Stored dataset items
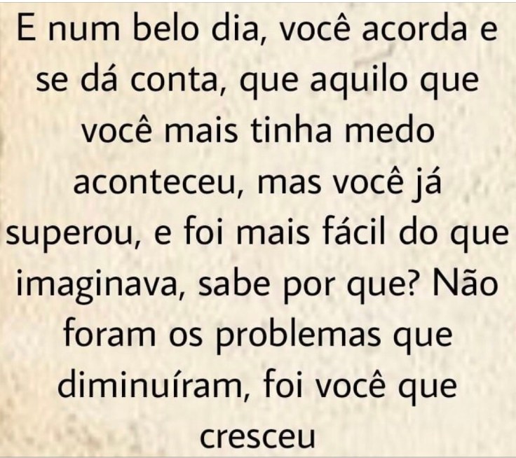 E num belo dia, você acorda e se da conta, que aquilo que você mais tinha medo aconteceu, mas você já superou…
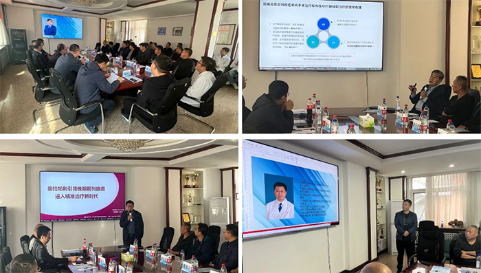 在会议的学术交流环节,毕建斌教授、曾宇教授、刘校吾教授、丹东市中心医院泌尿外科侯征、丹东市第一医院泌尿外科刘毅、东港市中心医院孙晨旭等医疗专家,分别以《从2023年CSCO指南更新看前列腺癌内分泌治疗的新进展》、《奥拉帕利引领晚期前列腺癌进入精准治疗新时代》、《机器人辅助腹腔镜手术Trocar布局和常见的并发症》、《子宫内膜节育器穿入膀胱继发膀胱结石的治疗策略》、《双镜联合复杂尿路结石病例分享》、《肾脏恶性肿瘤伴腔静脉癌栓的手术分享》为题,做了专题讲座。交流中,各位讲者无私分享了对目前极具前沿视角和临床价值的学术见解与经验,为参会人员带来了前列腺癌指南更新全解、精准治疗前列腺癌方向、机器人手术讲解等精彩病例实操分享。专家们倾囊相授,参会人员认真聆听,共同打造了一场学术氛围浓厚的饕殄盛宴。针对与会人员感兴趣的话题,专家们还进行了互动交流,现场讨论热烈、学术氛围浓厚。
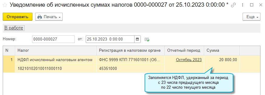 Добавлена возможность подготовить уведомление об исчисленных суммах налогов на НДФЛ, удержанный за период с 23 числа предыдущего месяца по 9 число текущего месяца. Такие промежуточные уведомления можно в добровольном порядке отправлять в ФНС с 1 октября 2023 г. по 31 декабря 2023 г. (Федеральный закон от 31.07.2023 № 389-ФЗ).
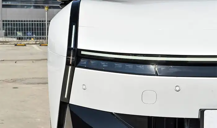 El diseño de los faros es refinado y distintivo: la luz horizontal continua se une con las luces diurnas verticales en las esquinas, mientras que los faros LED matriciales se integran de forma discreta, logrando una perfecta fusión entre funcionalidad e integración estética. El paragolpes delantero incorpora una parrilla activa de admisión de aire que ajusta su apertura de forma inteligente según las necesidades de refrigeración, junto con un radar milimétrico oculto y un soporte de matrícula flotante, aportando riqueza de detalles dentro de un diseño minimalista. La toma de aire inferior con diseño de panal en tres secciones, combinada con molduras plateadas, añade un toque deportivo a su carácter tecnológico, siendo considerado como un verdadero “símbolo móvil del futuro”.
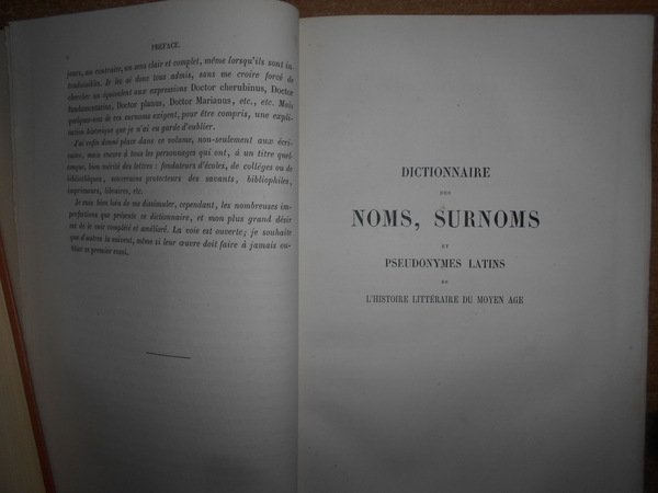 DICTIONNAIRE DES NOMS, SURNOMS ET PSEUDONYMES LATINS DE L'HISTOIRE LITTÉRAIRE DU MOYEN AGE (1100 À 1530). I
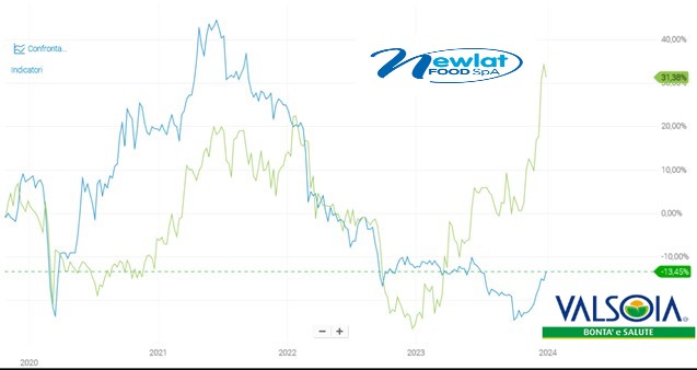 Entrando nel merito, prendiamo come riferimento un titolo selezionato dalla rubrica, VALSOIA, e lo paragoniamo con un'altra realtà impegnata nel mondo del food, NEWLAT. Negli scaffali della GDO troviamo molte delle loro referenze: è evidente che non siano diretti competitor, ma giocano nel medesimo settore.
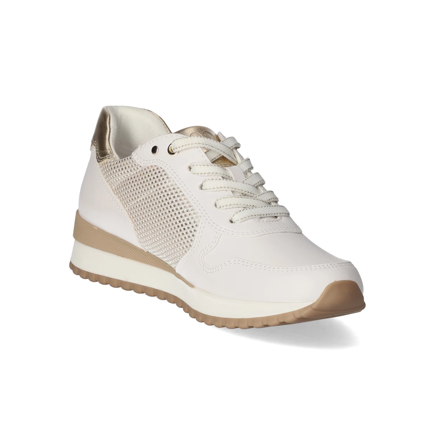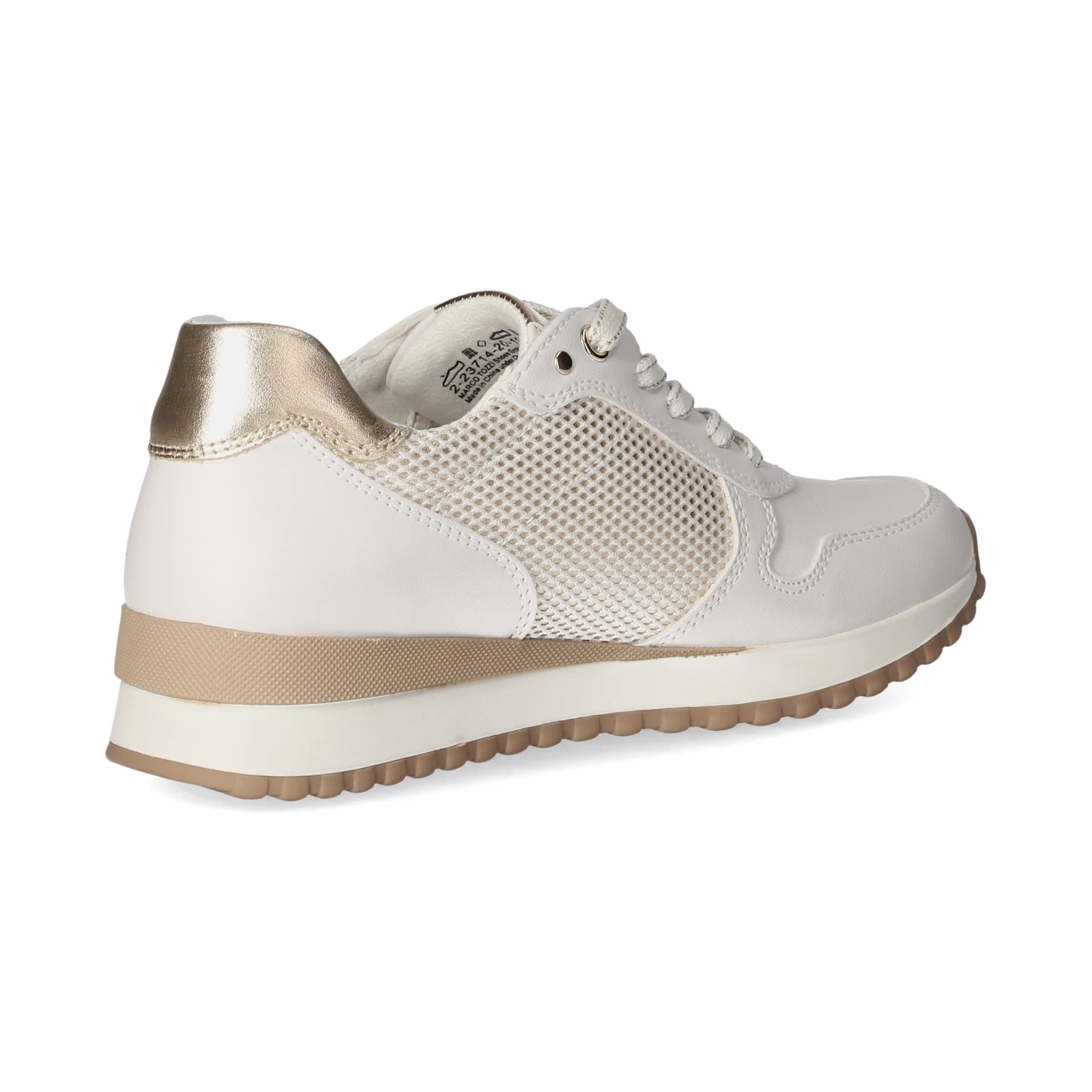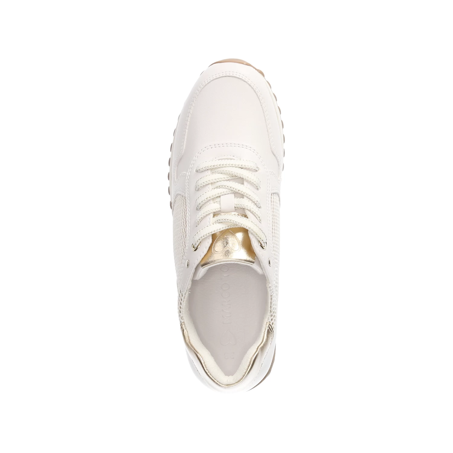 Marco Tozzi Damen Low Sneaker Weiß Textil-Synthetik-Mix – sportliches Design – goldglänzende Details – Teile in Netzoptik – Schnürung – verstärkter Zehen- und Fersenbereich – gepolsterter Einstieg – leichtes Textilfutter – gepolsterte Wechseldecksohle – flexible, rutschhemmende Profilsohle
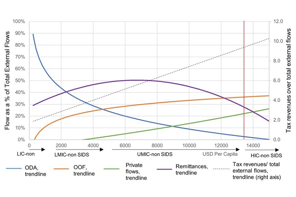 Figure 4: SIDS are much more reliant on ODA than other countries at the point of graduation ($13,845), while struggling to mobilise private finance or domestic tax revenues
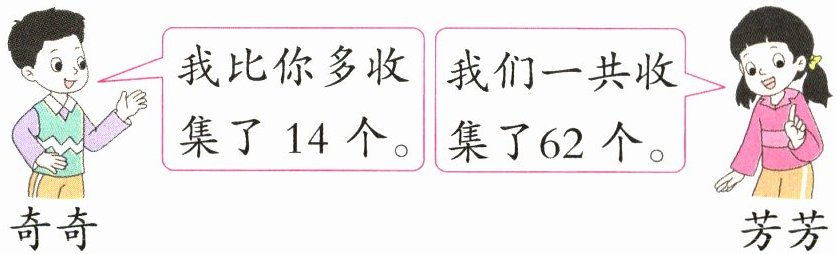 62+14=76(个) 76=38+38 奇奇:38个 芳芳:38-14=24(个)[或62-38=24(个)]
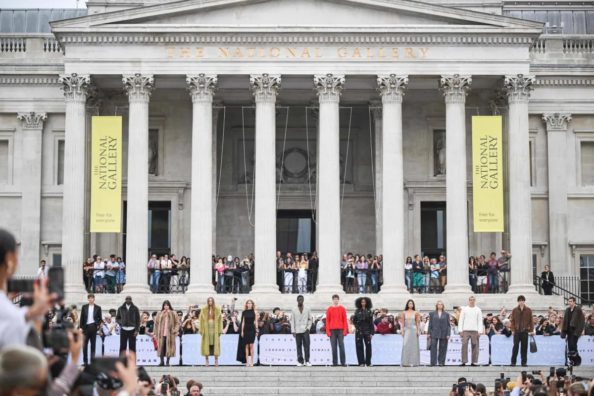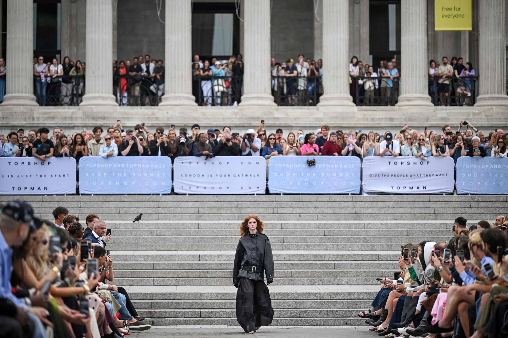 بشرى لكل من تحسَر وانتابه الحزن عندما أغلقت محلات «توب شوب» البريطانية أبوابها بسبب جائحة «كورونا» والأزمة التي طالت قطاع التجزئة عموماً. فها هي تبدأ مرحلة جديدة لاستعادة مكانتها على خريطة الموضة وسنواتها الذهبية، بعرض ضخم قدمته يوم السبت الماضي في ميدان الطرف الأغر، «ترافالغار سكوير» بلندن، أمام المارة وحشد كبير من الشخصيات وعلى رأسهم عمدة لندن، صادق خان.
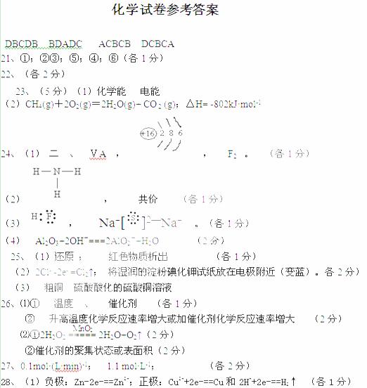 28、(6分) 在盛有500mL0.1 mol·L-1CuSO4和0.4 mol·L-1H2SO4混合溶液的大烧杯中。用锌、铜作电极,用导线连接形成原电池,当电极锌消耗6.5g时,试完成:
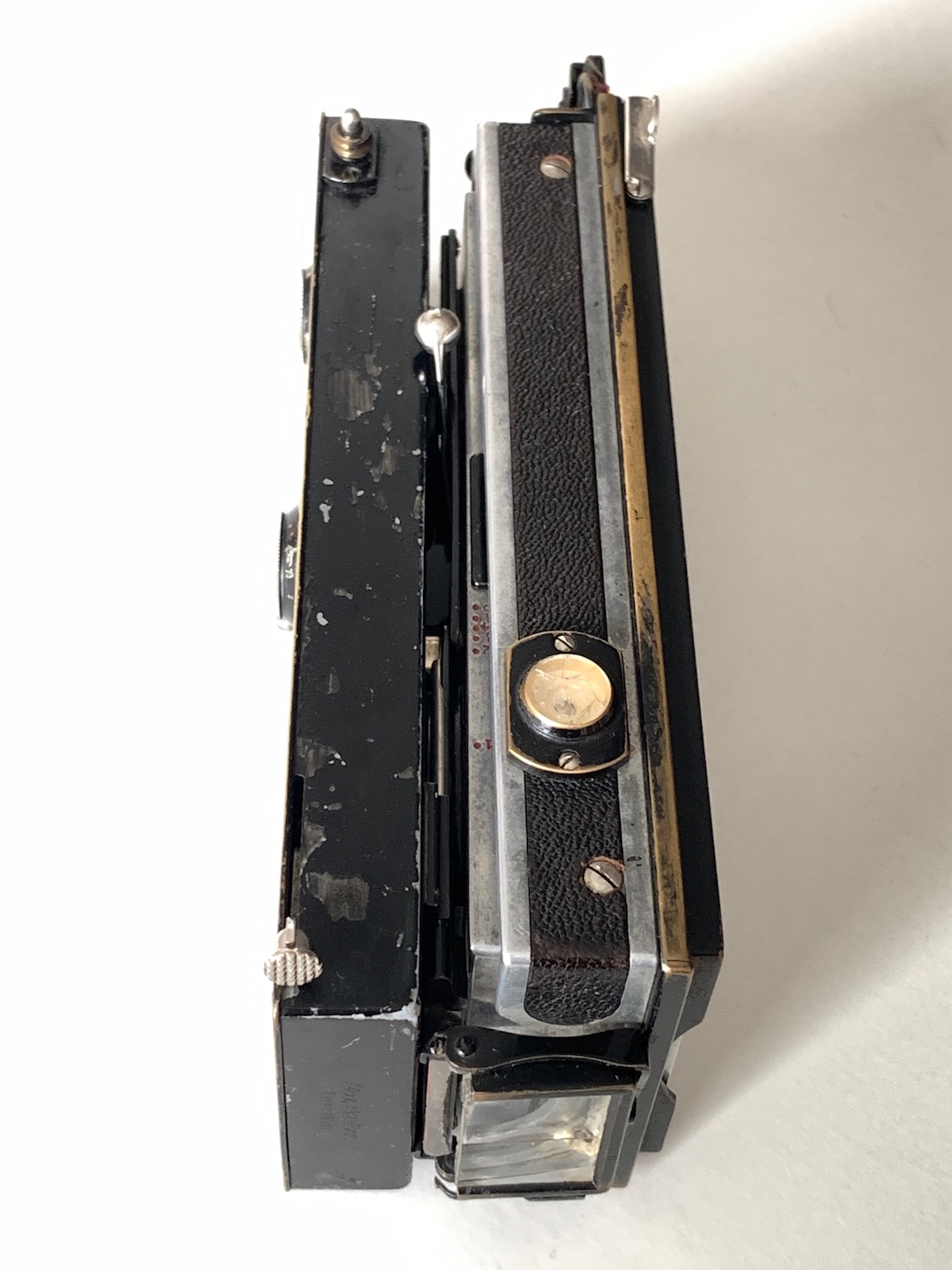 Die ersten Exemplare waren, wie der Katalog 1912/13 zeigt, mit Ikonometer ausgestattet. Das hier gezeigte, etwas spätere Exemplar besitzt einen Newtonsucher. Interessantes konstruktives Detail: Er wird zur Hälfte eingefahren und dann umgelegt – in der Mitte der Linse befindet sich ein Gelenk! Das habe ich in dieser Form noch nicht gesehen. Auch der Diopter ist nicht am Gehäue befestigt, sondern liegt in Ruhestellung um die Linse und wird herausgeschwenkt. Zusätzlich gibt es einen ins Gehäuse eingelassenen Spiegel-/Brillantsucher.
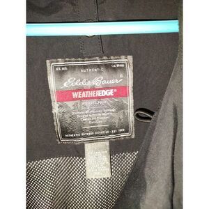 Eddie Bauer MENS XXL Weatheredge Waterproof Rain Jacket Hooded Black No Hood. In excellent condition. Missing hood but zipper in place for replacement. Please see the photos for more details and exact measurements. An excellent outer shell / rain / snow jacket for extreme weather conditions. Vintage Item! Likely was 300 to 400 bucks or more new...Fast Shipping!

--- EXERCISE ---
This exercise asks for the data above to be given again exactly, without pictures.

--- EXERCISE RESPONSE ---
 E num belo dia, você acorda e se da conta, que aquilo que você mais tinha medo aconteceu, mas você já superou…
 在会议的学术交流环节,毕建斌教授、曾宇教授、刘校吾教授、丹东市中心医院泌尿外科侯征、丹东市第一医院泌尿外科刘毅、东港市中心医院孙晨旭等医疗专家,分别以《从2023年CSCO指南更新看前列腺癌内分泌治疗的新进展》、《奥拉帕利引领晚期前列腺癌进入精准治疗新时代》、《机器人辅助腹腔镜手术Trocar布局和常见的并发症》、《子宫内膜节育器穿入膀胱继发膀胱结石的治疗策略》、《双镜联合复杂尿路结石病例分享》、《肾脏恶性肿瘤伴腔静脉癌栓的手术分享》为题,做了专题讲座。交流中,各位讲者无私分享了对目前极具前沿视角和临床价值的学术见解与经验,为参会人员带来了前列腺癌指南更新全解、精准治疗前列腺癌方向、机器人手术讲解等精彩病例实操分享。专家们倾囊相授,参会人员认真聆听,共同打造了一场学术氛围浓厚的饕殄盛宴。针对与会人员感兴趣的话题,专家们还进行了互动交流,现场讨论热烈、学术氛围浓厚。
 Добавлена возможность подготовить уведомление об исчисленных суммах налогов на НДФЛ, удержанный за период с 23 числа предыдущего месяца по 9 число текущего месяца. Такие промежуточные уведомления можно в добровольном порядке отправлять в ФНС с 1 октября 2023 г. по 31 декабря 2023 г. (Федеральный закон от 31.07.2023 № 389-ФЗ).
 El diseño de los faros es refinado y distintivo: la luz horizontal continua se une con las luces diurnas verticales en las esquinas, mientras que los faros LED matriciales se integran de forma discreta, logrando una perfecta fusión entre funcionalidad e integración estética. El paragolpes delantero incorpora una parrilla activa de admisión de aire que ajusta su apertura de forma inteligente según las necesidades de refrigeración, junto con un radar milimétrico oculto y un soporte de matrícula flotante, aportando riqueza de detalles dentro de un diseño minimalista. La toma de aire inferior con diseño de panal en tres secciones, combinada con molduras plateadas, añade un toque deportivo a su carácter tecnológico, siendo considerado como un verdadero “símbolo móvil del futuro”.
 DICTIONNAIRE DES NOMS, SURNOMS ET PSEUDONYMES LATINS DE L'HISTOIRE LITTÉRAIRE DU MOYEN AGE (1100 À 1530). I
 Entrando nel merito, prendiamo come riferimento un titolo selezionato dalla rubrica, VALSOIA, e lo paragoniamo con un'altra realtà impegnata nel mondo del food, NEWLAT. Negli scaffali della GDO troviamo molte delle loro referenze: è evidente che non siano diretti competitor, ma giocano nel medesimo settore.
 Marco Tozzi Damen Low Sneaker Weiß Textil-Synthetik-Mix – sportliches Design – goldglänzende Details – Teile in Netzoptik – Schnürung – verstärkter Zehen- und Fersenbereich – gepolsterter Einstieg – leichtes Textilfutter – gepolsterte Wechseldecksohle – flexible, rutschhemmende Profilsohle
 Figure 4: SIDS are much more reliant on ODA than other countries at the point of graduation ($13,845), while struggling to mobilise private finance or domestic tax revenues
 62+14=76(个) 76=38+38 奇奇:38个 芳芳:38-14=24(个)[或62-38=24(个)]
 بشرى لكل من تحسَر وانتابه الحزن عندما أغلقت محلات «توب شوب» البريطانية أبوابها بسبب جائحة «كورونا» والأزمة التي طالت قطاع التجزئة عموماً. فها هي تبدأ مرحلة جديدة لاستعادة مكانتها على خريطة الموضة وسنواتها الذهبية، بعرض ضخم قدمته يوم السبت الماضي في ميدان الطرف الأغر، «ترافالغار سكوير» بلندن، أمام المارة وحشد كبير من الشخصيات وعلى رأسهم عمدة لندن، صادق خان.
 28、(6分) 在盛有500mL0.1 mol·L-1CuSO4和0.4 mol·L-1H2SO4混合溶液的大烧杯中。用锌、铜作电极,用导线连接形成原电池,当电极锌消耗6.5g时,试完成:
 Die ersten Exemplare waren, wie der Katalog 1912/13 zeigt, mit Ikonometer ausgestattet. Das hier gezeigte, etwas spätere Exemplar besitzt einen Newtonsucher. Interessantes konstruktives Detail: Er wird zur Hälfte eingefahren und dann umgelegt – in der Mitte der Linse befindet sich ein Gelenk! Das habe ich in dieser Form noch nicht gesehen. Auch der Diopter ist nicht am Gehäue befestigt, sondern liegt in Ruhestellung um die Linse und wird herausgeschwenkt. Zusätzlich gibt es einen ins Gehäuse eingelassenen Spiegel-/Brillantsucher.
 Eddie Bauer MENS XXL Weatheredge Waterproof Rain Jacket Hooded Black No Hood. In excellent condition. Missing hood but zipper in place for replacement. Please see the photos for more details and exact measurements. An excellent outer shell / rain / snow jacket for extreme weather conditions. Vintage Item! Likely was 300 to 400 bucks or more new...Fast Shipping!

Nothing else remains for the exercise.